Ser Séneca es un mundo aparte, se convierte incluso en una mafia. Los grupos de Facebook empiezan a surgir: “Sénecas 2012-2013”, “Sénecas y otros”, “Séneca cultural”, “Séneca de fiesta” y como estos, vete tú a saber cuántas comunidades más hay. Empiezas a conocer gente, todos ellos españoles de diferentes puntos de España, todos Séneca, bueno, técnicamente no todos somos Sénecas. No todos podemos disfrutar de la beca de 500 euros al mes (una de las mejores becas que se ofrecen en este país, a mi modo de ver). Aquellos que se quedan a las puertas de recibir el dineral son más precavidos con las compras, son fieles al supermercado “Día” y a sus ofertones, compran en fruterías de las que sospechan que son más baratas porque roban en MercaMadrid, van apagando las luces de la casa a cada segundo, y por supuesto, las fotocopias a doble cara.



Y es que vivir sola y en Madrid es un nuevo reto.  Pero no es exactamente Madrid donde muchos de los estudiantes de la Universidad Carlos III pasan la mayoría de su tiempo, Getafe se convierte en una ciudad universitaria. Las personas mayores, las familias y los trabajadores se mezclan a diario con una gran cantidad de jóvenes que hacen su vida aquí. Y es que la Carlos III, la UC3M, la “Charly”, o como la queramos llamar, amplía la vida de esta periférica pero gran ciudad.

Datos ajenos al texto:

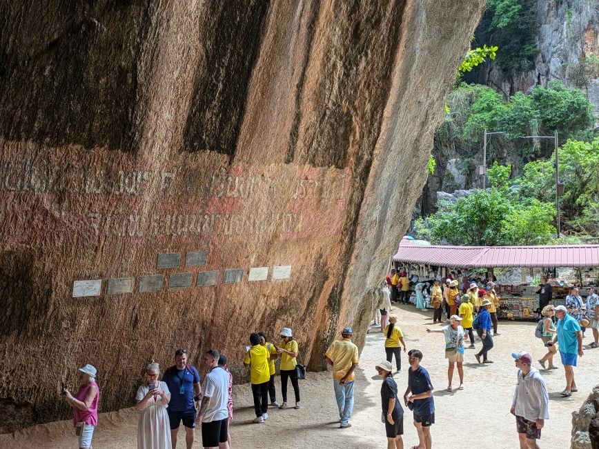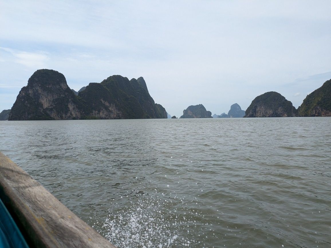 AM8:30分前に上陸桟橋前の待合わせホテルに着き、約1.45分のドライブでパンガー湾に着き、20人?乗りのテールボードに2人だけで、海の桂林を思わせる景色を50分程堪能し、通称007ジェームスボンド島へ、露店もあり人がいっぱい、湾で必ず寄る観光地で泳いている西洋?の方もいました。

Al principio puedes pensar que no estar en Madrid capital te alejará de la vida de la ciudad, pero estamos muy equivocados. En cuando llegas a Getafe te das cuenta de que es una gran opción para pagar mucho menos y estar a media hora del centro. Con cuatro estaciones de cercanías y multitud de conexiones en autobuses interurbanos e incluso en Metrosur, Getafe es una ciudad con conexión inmediata a todos los puntos que se te ocurran. La parada de cercanías “Las Margaritas Universidad” siempre está llena de jóvenes que vuelven a casa a comer, que salen de fiesta a Madrid o incluso que vuelven en el primero de la mañana a Getafe después de una noche de bares por Malasaña o de discotequeo en Kapital.



Todos muy modositos se presentan los lunes en el campus, un campus que se desarrolla a lo largo de una calle central, facultades rodeadas de césped y cafeterías inmensas en las que debes pedir tu comida a una máquina que de vez en cuando decide no funcionar y fastidiarte tu hora de la comida, porque sí, tienes una hora exacta para comer (a veces incluso menos) para volver a las clases de por la tarde. Las instalaciones de esta Universidad son excelentes y no solo lo dicen los miles de estudiantes que acuden días tras día a las clases, sino que fue considerado Campus de Excelencia Europeo, y se lo merece. Buenos equipos y salas de prácticas, incluso hay una pequeña sala de juicios para los alumnos de Derecho. Un campus que no tiene nada que envidiar a los de otras universidades, es sin duda un lugar perfecto para formarte y salir bien preparado.

Pero las clases dejan tiempo libre para dar una vuelta por Getafe, conocer La Cibelina, la fuente que está en medio de la Calle Madrid (una de las principales de Getafe) y como su nombre indica, es una copia en pequeña y  “pobriña” de la Cibeles de Madrid. Conocer el Ayuntamiento, la base militar, el Cerro de los Ángeles. He de admitir que no es una ciudad bonita ni llamativa, son todo edificios no más altos de las tres o cuatro plantas y sin ningún atractivo relevante, pero es una ciudad acogedora que, incluso, hace que cada día adquieras un poco más ese acento castizo que jamás pensarías que podrías adoptar. Getafe se convierte así en tu segunda casa y la gente con la que convives día a día es, sin duda, tu segunda familia.



Llegar a Madrid te llena de curiosidad, vivir en Madrid no te deja indiferente ni un solo segundo, y a la hora de volver a casa, sientes  que siempre tendrás un hueco en esta ciudad, un hueco hecho únicamente para ti, porque solo se siente el ambiente madrileño si te dejas envolver por él, la ciudad siempre estará dispuesta a darte un segunda, tercera o vigésimo primera bienvenida.